MMF is agnostic to the kind of losses that can be added to it. Adding a loss requires adding a loss class and adding your new loss to your config yaml. For example, the ConcatBERT model uses the cross_entropy loss when training on the hateful memes dataset. The loss class is CrossEntropyLoss defined in mmf/modules/losses.py The loss key cross_entropy is added to the list of losses in the config yaml at mmf/projects/hateful_memes/configs/concat_bert/defaults.yaml.

Loss Class#

Add your loss class to losses.py. It should be a subclass of nn.Module. Losses should implement a function forward with signature forward(self, sample_list, model_output), where sample_list (SampleList) is the current batch and model_output is a dict return by your model for current sample_list.

@registry.register_loss("cross_entropy")
class CrossEntropyLoss(nn.Module):
    def __init__(self, **params):
        super().__init__()
        self.loss_fn = nn.CrossEntropyLoss(**params)

    def forward(self, sample_list, model_output):
        return self.loss_fn(model_output["scores"], sample_list["targets"])

Losses Config#

Add the name of your new loss class to your model config. Multiple losses can be specified with a yaml array.

model_config:
  visual_bert:
    training_head_type: classification
    num_labels: 2
    losses:
    - cross_entropy
    - soft_label_cross_entropy
    ...

For losses with params you can do,

    losses:
    - type: in_batch_hinge
      params:
        margin: 0.2
        hard: true

Multi-Loss Classes#

If a loss class is responsible for calculating multiple losses, for example, maybe due to shared calculations you can return a dictionary of tensors. The resulting loss that is optimized is the sum of all losses configured for the model. For an example, take a look at the BCEAndKLLoss class in mmf/modules/losses.py

@registry.register_loss("bce_kl")
class BCEAndKLLoss(nn.Module):
    """binary_cross_entropy_with_logits and kl divergence loss.
    Calculates both losses and returns a dict with string keys.
    Similar to bce_kl_combined, but returns both losses.
    """

    def __init__(self, weight_softmax):
        super().__init__()
        self.weight_softmax = weight_softmax

    def forward(self, sample_list, model_output):
        pred_score = model_output["scores"]
        target_score = sample_list["targets"]

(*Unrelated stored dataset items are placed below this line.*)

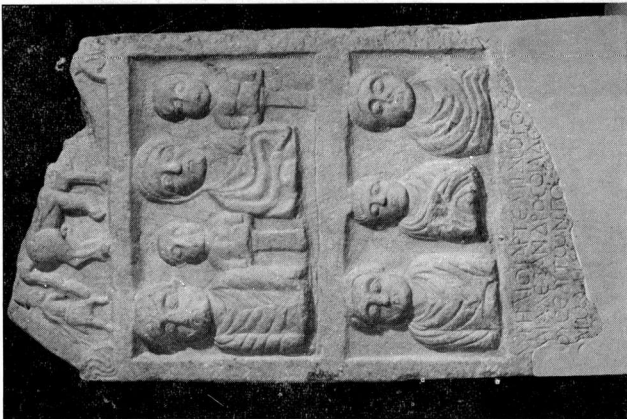
α. Ενεπίγραφοι ανέγλυφοι στηλή αο. 14 Μοναστείου Φλώρινας.
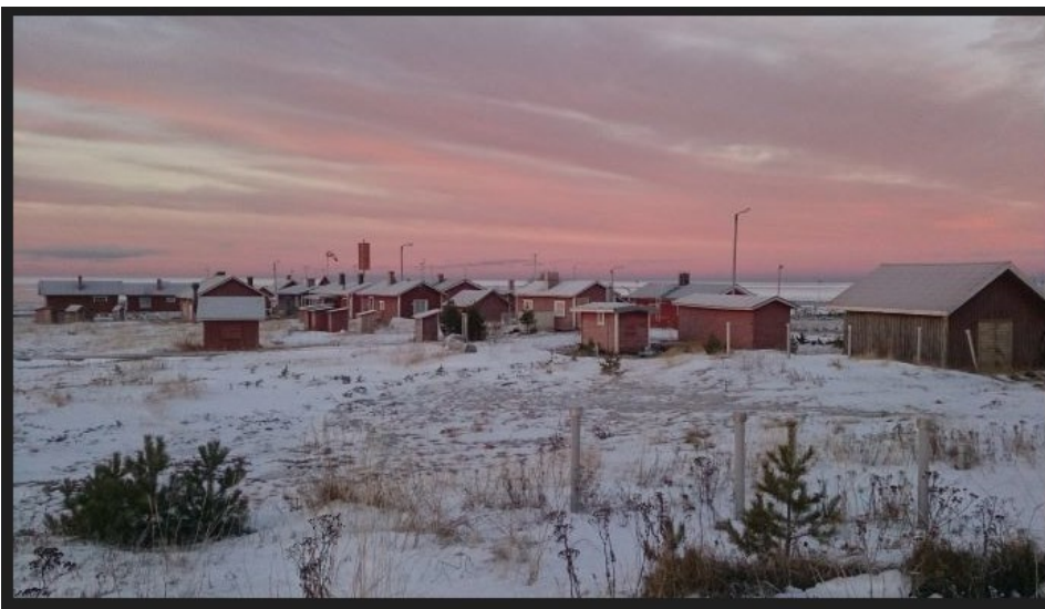
KUVA 1. Marjaniemen vanha kalastajakylä (Vähäkangas 2022)

on sosiaalisia suhteita arjessaan. (Räsänen 2011, 118.) Täällä Hailuodon pienessä kunnassa yhteisöllisyyden tunne on voimakas. Hailuoto on noin 1000 asukkaan saariyhteisö Perämerellä lähellä Oulua. Yhteisöllisyydellä on iso merkitys kuntalaisten arjessa. Kaikki tuntevat toisensa ja asukkaiden keskuudessa elää edelleen voimakas saaristolainen me-henki. Saarella on ennen säännöllistä lauttaliikennettä asuttu enemmän tai vähemmän eristyksissä vuodenaikojen mukaan. Ennen kalastuksella oli merkittävä rooli saarelaisten elämässä. Pienissä kalastajamökeissä vietettiin kalastuskaudella pitkiäkin aikoja yhdessä (KUVA 1). Tuohon aikaan Marjaniemeen ei ollut kunnan tietä, vaan se oli kaukana saaren vakituisesta asutuksesta. Toisia autettiin, kun siihen oli tarvetta. Olosuhteet muokkasivat jokaisen elämää ja se lisäsi saarelaisten yhteisöllisyyttä.
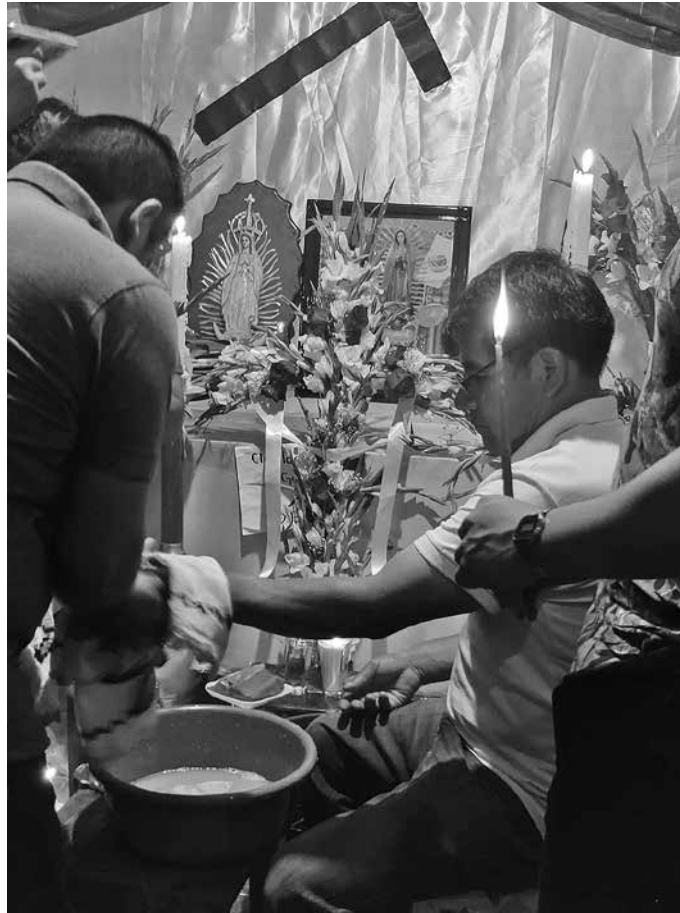
Ritual de lavado de manos a los padrinos de cruz.

151). En ese momento, la gente se alarmó, pero aún había quienes no creían o no acataban las medidas preventivas, como el uso de cubrebocas.
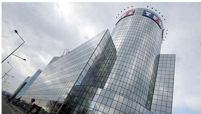
TF1 doit s'attendre à une longue traversée du désert

Selon l'étude d'un des plus grands cabinets d'analystes de médias basé à Londres, TF1 paie son retard en matière de diversification numérique et pâtit de l'atonie du marché publicitaire. Pire, la première chaîne «devra attendre deux à quatre ans pour voir le bout du tunnel».
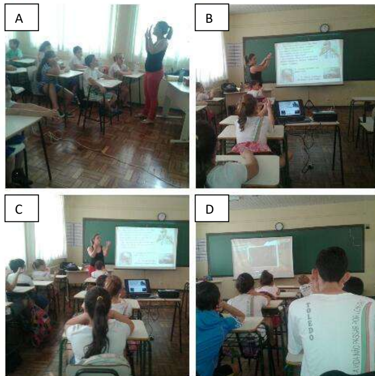
Figura 02: Imagens fotográficas do Projeto de Intervenção Etapa 01

Nota: Aula Teórica: Painel A: A Farmacêutica ministrando palestra para os alunos; Painel B: Professora mostrando imagens de higienização das mãos; Painel C: Professora mostrando a técnica da lavagem das mãos; Painel C: Alunos concentrados na palestra.
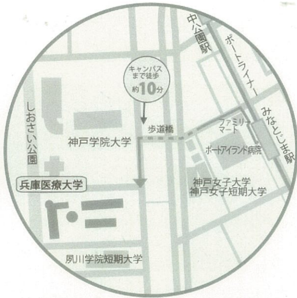
兵庫医療大学アクセス
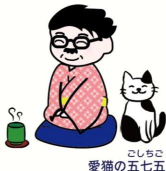
こしちこ 愛猫の五七五

「先生は靈感ってあるのかにゃ？」「ないと言えればこんなに楽なこともないのじゃがな。別に見たいわけでもないのに見えてしまうというのなかなかきついものがあるからな。現に今もほら、わしの机の上に古ぼけた電気スタンドの霊が見えておる。靈感のないキミには分からんかもしれんがあれは二十年くらい前に島忠で買ったものじゃからとっくにこの世のものではなくなっておるはずじゃ。首のネジが折れて角度の調節もできないし、傘の部分はさび付いてちよっと触ると手が汚れる始末。なのに未だ成仏できずにこうして夜な夜なわしの机の上に現れておる。ふびんなことじゃな」 「今度粗大ゴミに出しとくにゃー」
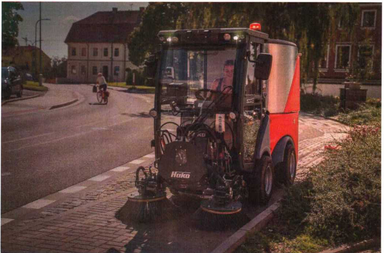
Ilustrativní vyobrazení – profesionální zametací stroj HAKO Citymaster 650 s přední dvoukartáčovou zametací jednotkou.

Navrhují profesionální zametací stroj nejmodernější koncepce, HAKO Citymaster 650 se stálým pohonem všech kol 4x4. Tento model vyniká velice kompaktními rozměry (šíře na standardních pneu 109 cm) a obratností (kloubové provedení). Stroj je koncipován jako multifunkční s možností celoročního využití (letní a zimní režim provozu).
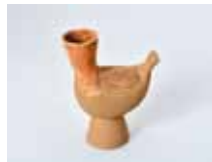
鳥形土器(植出遺跡)

う。当センターに展示している鹿形土製品や鳥形木製品・鳥形土器もそのような願いを込めて作られていたのかもしれない。
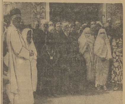
Na naszym zdjęciu widzimy fragment z uroczystego otwarcia pawilonu Algieru na Wystawie Paryskiej. Na te uroczystości przyjechali liczni tułacy z Algieru.
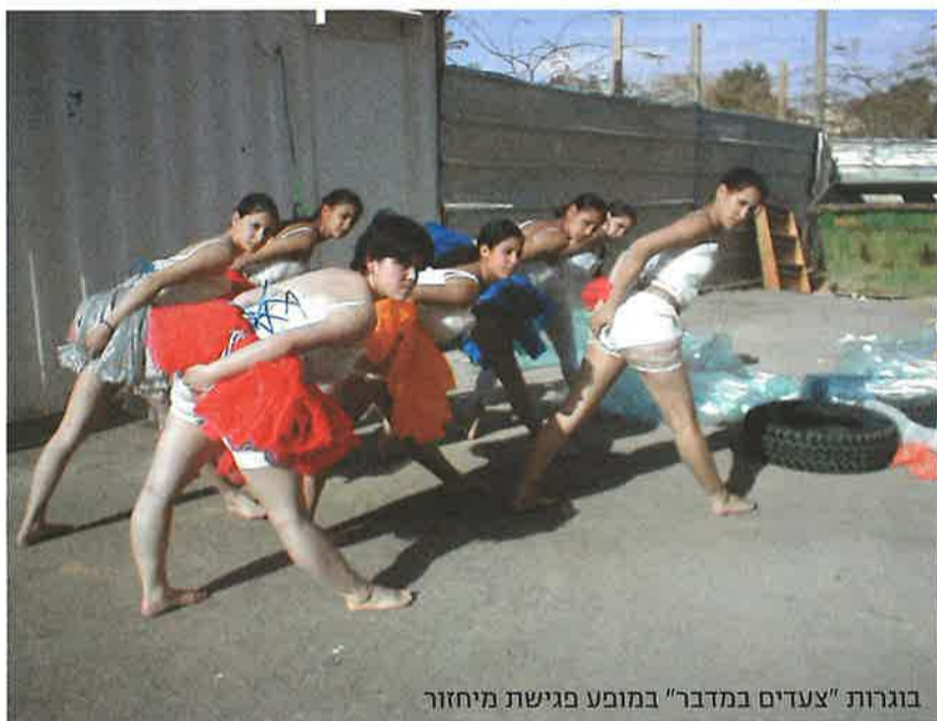
בוגרות "צעדים במדבר" במופע פגישת מיחזור

הפעילויות בימי שישי הן חוגי משוטטים, טיולים באזור, פעילות נוסף-אית ותנועתית. צריך להדגיש כי לא מדובר בפעילות מאורגנת בכל יום שישי. כמו כן, לא הצלחנו לממש פעילות לתגבור מתמטיקה ואנגלית בישובים בהם התכוונו לפעול בתחומים אלה.
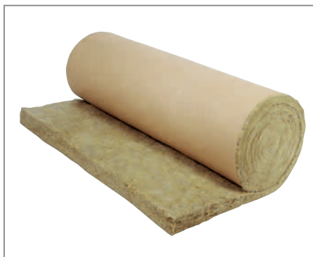
ROULROCK KRAFT PERFORÉ
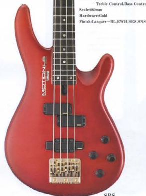
●LB SERIES COLOR: BL(ブラック), RWII(ホワイトボディ), SRS(シースルーレゾナントカラー), SNS(スノーホワイト(ブルーインテーター))

LB-I ¥150,000 Body: T-eras Maple (Round Top) +Alder (Round Back) Neck: Maple+Mahogany (5F-Through Neck) Fingerboard: Ebony 21F (250R) Bridge: Die-Cast OGBE-205 Pickups: Active P.U. “LB-P1Z” & “LB-J1Z” Controls: Master Volume, Balancer, Trebble Control, Bass Control
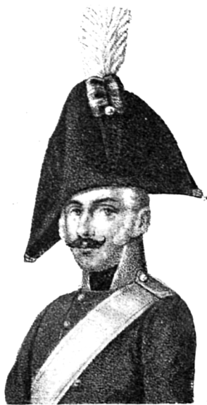
Рядовой 1801—1803 г.

Весною 1802 года полкъ получилъ новую форму обмундирования 2) : треугольныя шляпы съ бѣлыми султанами, двубортные свѣтло-зеленые мундиры съ синимъ стоячимъ воротникомъ и такого-же цвѣта обшлагами и
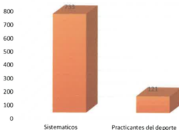
Título del gráfico
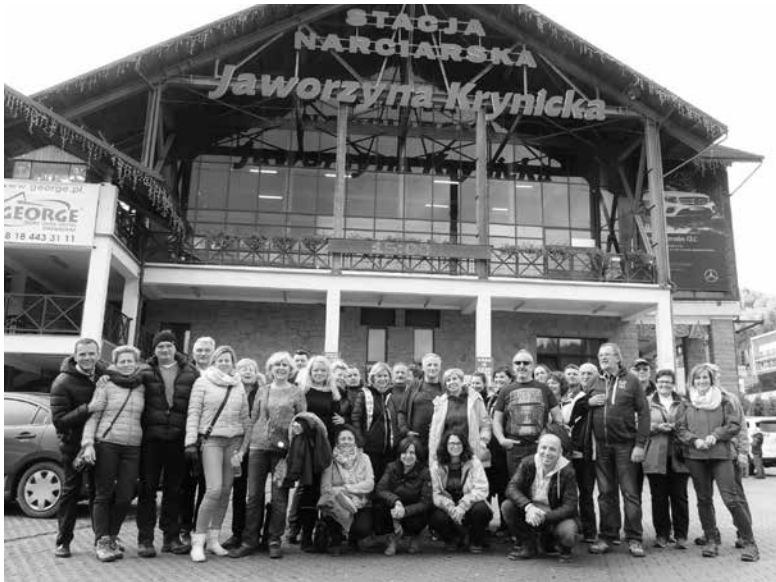
Na wycieczce w Krynicy Górskiej.

W dniach 17-18 października członkowie ozimskiej sekcji motorowej wzięli udział w wycieczce turystyczno-krajoznawczej do Krynicy Górskiej, Piwnicznej i Starego Sącza.
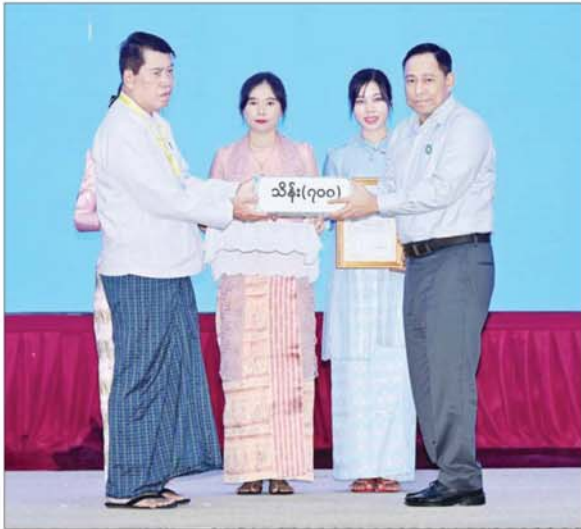
နိုင်ငံတော်စီမံအုပ်ချုပ်ရေးကောင်စီဝင် ဒုတိယဗိုလ်ချုပ်ကြီး ရာပြည့် စေတနာရှင်၊ အလှူရှင်တစ်ဦးက အလှူငွေများ ပေးအပ်လှူဒါန်းမှုကို လက်ခံရယူစဉ်။

တရားထက်သန်စွာဖြင့် လှူဒါန်းကြခြင်းဖြစ်ကြောင်း၊ ရေဘေးသင့်ပြည်သူများအနေဖြင့် ရေရုတ်တရက် စီးဆင်းလာချိန်တွင် ရုရှာပစ္စည်းများကိုသာ ယူဆောင်လာရသဖြင့် အခက်အခဲများစွာရှိကြကြောင်း။
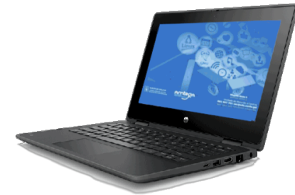
HP ProBook x360 11 G5 EE
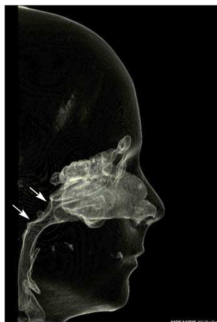
Abb. 2: Darstellung einer Hyperplasie der Tonsilla pharyngea (Pfeile) mithilfe der Spezialsoftware MESANTIS-3D. Derartige Befunde sind insbesondere bei Patienten mit Mundatmung von besonderer Bedeutung und in der interdisziplinären Behandlung mit HNO-Kollegen zu therapieren.
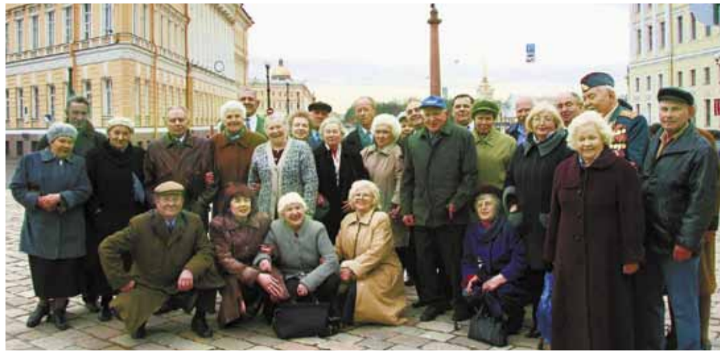
Ветераны Великой Отечественной в год 60-летия Великой Победы на Дворцовой площади в Санкт-Петербурге

Но, пожалуй, наиболее важна работа, связан-
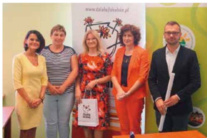
Stowarzyszenie „ Nasza Wieś Naszym Domem ” Tytuł projektu: „ Roboto COVID-owa przygoda ”
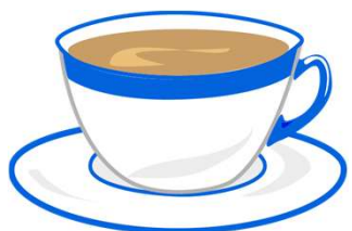
un café con leche
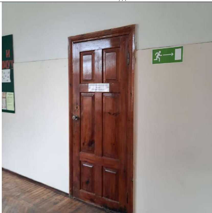
Фото № 19. Нет информирующих обозначений на кабинете

ГБПОУ РО ПУ №56 Административно-учебный корпус, по адресу: Ростовская область, г. Аксай, ул. Шолохова, д.4
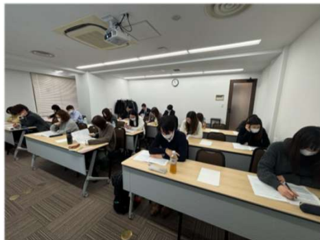
1/16 丸1日6時間かけて行った業務改善研修の様子

当社では中期経営計画で掲げた目指す姿「カイゼンの専門家集団」の実現に向け、全社レベルでカイゼン力の底上げに取り組んでいます。1月に全国から選抜メンバー17名が集結し、業務改善の基礎と実践を体系的に学ぶ「業務改善研修」を開催しました。受講者からは、これまでの「現状の不便さの解消」から、今後は「お客様のビジネス成果につながる改善」へと意識や観点が変わったといった声が上がっています。
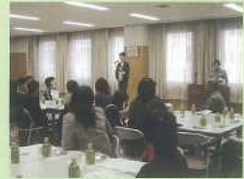
堺総看護師長挨拶

参加して頂いた方からは、『これまでこのような情報交換を行う場所が無かったので機会を頂いて有り難かった。』『また次も行なって欲しい』『他の医療機関の方とも接することができて良かった』など今後に繋がる言葉も頂き好評のなか終わることが出来ました。
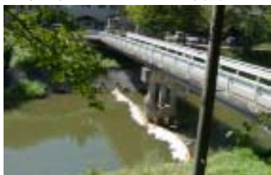
猫啼温泉前(支川 今出川)

9月22日水質事故が発生しました。石川町大字双里地内から重油が流出したもので、出張所では事故発生後、速やかに自治体等と連携しながらオイルフェンスを設置し、下流への流出・拡大を防ぎました。 真夜中の河川状況の調査、オイルフェンス設置を担当されたみなさんご苦労さまでした。
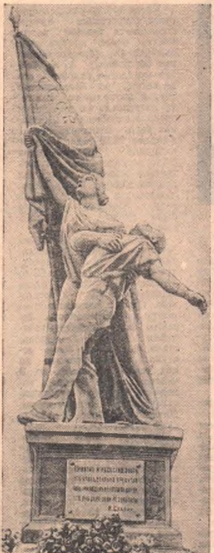
Памятник павшим борцам революции установленный на площади имени Ленина в Омске.

Солнце новой жизни сияет над Сибирью. Вместе со всем советским народом идут омичи широкой дорогой семилетки, и каждый знает: нам завтрашний день будет еще светлей и радостней, чем сегодняшний.

        tar_sum = torch.sum(target_score, dim=1, keepdim=True)
        tar_sum_is_0 = torch.eq(tar_sum, 0)
        tar_sum.masked_fill_(tar_sum_is_0, 1.0e-06)
        tar = target_score / tar_sum

        res = F.log_softmax(pred_score, dim=1)
        loss1 = kl_div(res, tar)
        loss1 = torch.sum(loss1) / loss1.size(0)

        loss2 = F.binary_cross_entropy_with_logits(
            pred_score, target_score, reduction="mean"
        )
        loss2 *= target_score.size(1)

        loss = {"kl": self.weight_softmax * loss1, "bce": loss2}

        return loss